Film bianco è un film sull’abbandono, sul desiderio di amare qualcuno all’interno della propria solitudine, è un film sulla cultura della differenza, sull’égalité tra uomo e donna, tra uomo e società.
Film bianco è un’opera sul denaro come strumento di dominazione, come mezzo per essere identificati e classificati all’interno della società, è un film sul capovolgimento della sessualità patriarcale maschile.
Film bianco è un film sul decadimento e la rinascita, sul riscatto che passa attraverso la perdita di sé stessi, l’umiliazione, gli incidenti emotivi, la rovina, la sete di giustizia e la sete di vendetta in un mondo capitalista e individualista. È un film sulle estreme conseguenze, la vedovanza dei sentimenti, l’inganno di soddisfacimento attraverso il sesso e il denaro.

Karol (Zbigniew Zamachowski) è un uomo qualsiasi, un parrucchiere polacco di Parigi che non riesce a consumare il matrimonio con Dominique (Julie Delpy) e per questo è costretto ad accettare il divorzio da sua moglie. Si ritrova per strada, senza una lira e senza passaporto. L’incontro con il connazionale Mikolaj cambierà le redini della storia, Karol tornerà in Polonia dove escogiterà la sua ascesa e la sua vendetta, nonché riconquista, nei confronti dell’ex moglie.

Karol è tenero e goffo, ascende nel capitalismo barbaro senza farsi corrotto, senza alcun interesse nella seduzione della ricchezza bensì spinto da altri desideri, riesce nel cambiamento e si trasforma in un uomo d’affari. Il male del capitalismo ritratto con la frase ridondante “Si può comprare tutto”, Kieslowski mostra una Polonia dove si può ottenere qualsiasi cosa, anche un cadavere, è sufficiente avere denaro, senza vincoli morali non è difficile realizzare i propri profitti.
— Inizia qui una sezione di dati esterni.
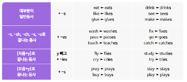Á¡Á¡ ³»¿ëÀÌ ¾î·Á¿öÁö´Â °Í °°Àºµ¥, ±Ã±ÝÇϰųª ¾î·Á¿î ºÎºÐ ÀÖÀ¸¸é ¾ðÁ¦µçÁö Áú¹®ÇØÁÖ¼¼¿ä^^ ¿À´ÃÀÇ ÇнÀ ÁÖÁ¦´Â 👉 ÀϹݵ¿»çÀÇ 3ÀÎĪ ´Ü¼öÇü Áö±Ý ½ÃÀÛÇÕ´Ï´Ù💟 ÀϹݵ¿»çÀÇ 3ÀÎĪ ´Ü¼öÇü Ãʵ¾î ¿À·¡¿µ¾î Çٽɹ®¹ý Áßµî Level 1 Unit 9° ![]() 📝 ¿À´ÃÀÇ ÇнÀ¸ñÇ¥ 1️⃣ 3ÀÎĪ ´Ü¼öÇü ¸¸µé±â 2️⃣ haveÀÇ 3ÀÎĪ ´Ü¼öÇü 📚 ÀϹݵ¿»çÀÇ 3ÀÎĪ ´Ü¼öÇü, Ãʵ¾î ¿À·¡¿µ¾î Çٽɹ®¹ý Start! 📌 ÇöÀç½ÃÁ¦ÀÇ ¹®Àå¿¡¼ Á־ 3ÀÎĪ ´Ü¼ö(he, she, it, Denny, Mr. Kim)ÀÏ °æ¿ì, ´ëºÎºÐÀÇ ÀϹݵ¿»ç´Â ³¡¿¡ -S³ª -es¸¦ ºÙ¿© [µ¿»ç¿øÇü+s/es]·Î ³ªÅ¸³À´Ï´Ù. Á־ 1 ÀÎĪ, 2ÀÎĪÀÎ °æ¿ì¿¡´Â µ¿»ç¿øÇüÀ» ±×´ë·Î »ç¿ëÇÕ´Ï´Ù. ![]() ¡á My mom makes breakfast everyday. ³ªÀÇ ¾ö¸¶´Â ¸ÅÀÏ ¾ÆÄ§½Ä»ç¸¦ ¸¸µå½Å´Ù ¡á Jenny teaches English at a middle school. Jenny´Â ÁßÇб³¿¡¼ ¿µ¾î¸¦ °¡¸£Ä£´Ù ¡á He speaks Chinese very well. ±×´Â Áß±¹¾î¸¦ ¾ÆÁÖ Àß ¸»ÇÑ´Ù ¡á She studies for the exam everyday. ±×³à´Â ¸ÅÀÏ ½ÃÇè°øºÎ¸¦ ÇÑ´Ù ¡á My sister stays in London. ³» ¿©µ¿»ý(¾ð´Ï, ´©³ª)Àº ·±´ø¿¡ ¸Ó¹«¸¥´Ù 📌TlP: ÀϹݵ¿»ç have´Â ¿¹¿ÜÀûÀ¸·Î 3ÀÎĪ ´Ü¼öÇüÀÌ hasÀÔ´Ï´Ù. ¡á Angela has two daughters. Angela´Â µþÀÌ µÎ ¸í ÀÖ´Ù ¡á My dad has a brand-new cell phone. ³ªÀÇ ¾Æºü´Â ÃֽŠÈÞ´ëÀüȸ¦ °¡Áö°í °è½Ã´Ù . . . 💟 Ãʵ¾î ¿À·¡¿µ¾î Çٽɹ®¹ý. ¿äÁ¡Á¤¸® 👉 Á־3ÀΡ ´Ü¼öÀÏ °æ¿ì, ÀϹݵ¿»ç³¡¿¡ -S³ª -es¸¦ºÙÀÔ´Ï´Ù. 👉 ÀÚÀ½+y·Î ³¡³ª´Â µ¿»ç´Â y¸¦ »©°í -ies¸¦ ºÙÀÔ ´Ï´Ù. 👉 haveÀÇ 3ÀΡ ´Ü¼öÇüÀº hasÀÔ´Ï´Ù ¿À´ÃÀÇ Ãʵ¾î ¿À·¡¿µ¾î Çٽɹ®¹ý 'ÀϹݵ¿»çÀÇ 3ÀÎĪ ´Ü¼öÇü' ¿½ÉÈ÷ °øºÎÇß³ª¿ä? ¼ö¾÷ ÈÄ ²À ¹®Á¦±îÁö Ç®¾îº¸½Ã±æ ¹Ù¶ó¸ç, ¼ö¾÷ °£ ±Ã±ÝÇϽŠÁ¡ÀÌ ÀÖÀ¸½Ã¸é ¾Æ·¡ÀÇ ¸µÅ©¸¦ ÅëÇØ ¹®ÀÇÇØÁÖ¼¼¿ä. °¨»çÇÕ´Ï´Ù. |
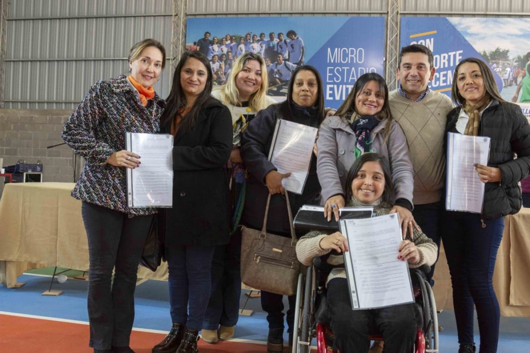 Con el “Evita” colmado, Ferreyra, acompañado por todo su gabinete, la concejal Susana Acosta y el empresario Ramón “Roly” Guerrero, entregaron los decretos de recategorización a los 770 empleados de las distintas áreas de la comuna.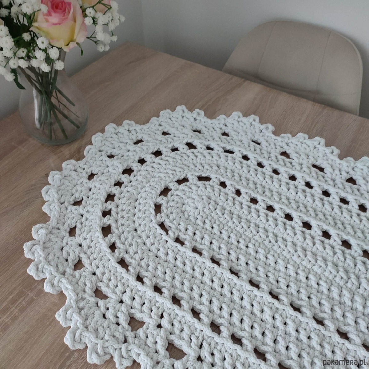 Bieżnik o wymiarach 50cmx95cm, wykonany metodą szydełkowania z polskiego sznurka bawełnianego 5mm.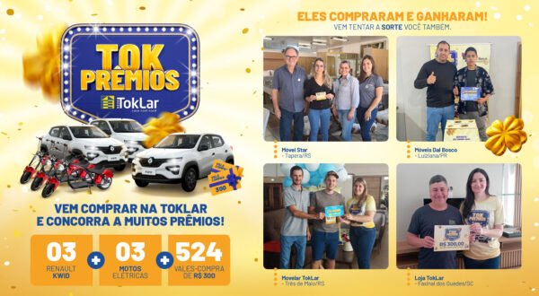 Ao longo da campanha também foram contemplados 524 clientes com vales-compra de R$ 300,00. Fique na torcida, a próxima Tok Prêmios vem aí. Aguarde!

Karol attraversa il dolore, la disperazione, le prove, il riscatto, la strada sterrata per conquistare l’uguaglianza, la possibilità di comunicare e finalmente parlare la stessa lingua di Dominique. «Dov’è l’uguaglianza?» chiede Karol al giudice in tribunale «Solo perché non parlo la stessa lingua la corte si rifiuta di ascoltare i miei argomenti?»
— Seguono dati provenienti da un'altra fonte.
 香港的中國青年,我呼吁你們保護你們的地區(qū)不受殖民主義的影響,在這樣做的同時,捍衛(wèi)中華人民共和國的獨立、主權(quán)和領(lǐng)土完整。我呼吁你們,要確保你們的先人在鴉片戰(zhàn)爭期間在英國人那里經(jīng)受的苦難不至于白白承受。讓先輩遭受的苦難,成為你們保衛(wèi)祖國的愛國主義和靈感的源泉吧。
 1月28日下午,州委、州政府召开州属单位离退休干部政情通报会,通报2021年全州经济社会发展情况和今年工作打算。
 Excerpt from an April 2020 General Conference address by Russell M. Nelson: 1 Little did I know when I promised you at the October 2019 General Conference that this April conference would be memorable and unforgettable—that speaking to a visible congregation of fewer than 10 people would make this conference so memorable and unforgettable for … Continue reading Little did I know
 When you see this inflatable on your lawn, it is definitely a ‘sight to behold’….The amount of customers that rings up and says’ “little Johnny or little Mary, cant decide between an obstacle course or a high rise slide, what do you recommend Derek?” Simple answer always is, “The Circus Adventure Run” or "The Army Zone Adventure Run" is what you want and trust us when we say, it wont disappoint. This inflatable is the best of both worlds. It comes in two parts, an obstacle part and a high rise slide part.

È un film sul passato che elabora il futuro, sull’appartenenza alle proprie origini, la neve che ricopre la discarica a Varsavia e che fa esclamare al protagonista «Finalmente a casa!», luoghi lontani di appartenenza e il ritorno a essi, la necessità di tornare per andare avanti.

È un revenge movie, è un film di disperazione che porta alla riconquista e all’attivazione della volontà, all’evoluzione dello stato d’animo dall’insicurezza alla piena coscienza delle proprie capacità e alla risalita, all’evoluzione come processo interiore che si manifesta anche nell’esteriorità, Karol che non alza i piedi ma li trascina, vittima degli eventi nei quali si trova coinvolto, trascinato dalla corrente delle decisioni altrui. Il contrasto tra il lato asettico e quello sporco, il volo libero dei piccioni nei flashback del matrimonio in contrapposizione agli escrementi dei volatili sul soprabito di Karol quasi come un insulto alla sua visione differente del mondo, il canto del battito d’ali che ricorre come un mantra, la forza di un ricordo che scatena la perseveranza nell’affrontare le prove, la necessità di disfarsi, raggiungere il punto più basso per poi ricrearsi e rinascere.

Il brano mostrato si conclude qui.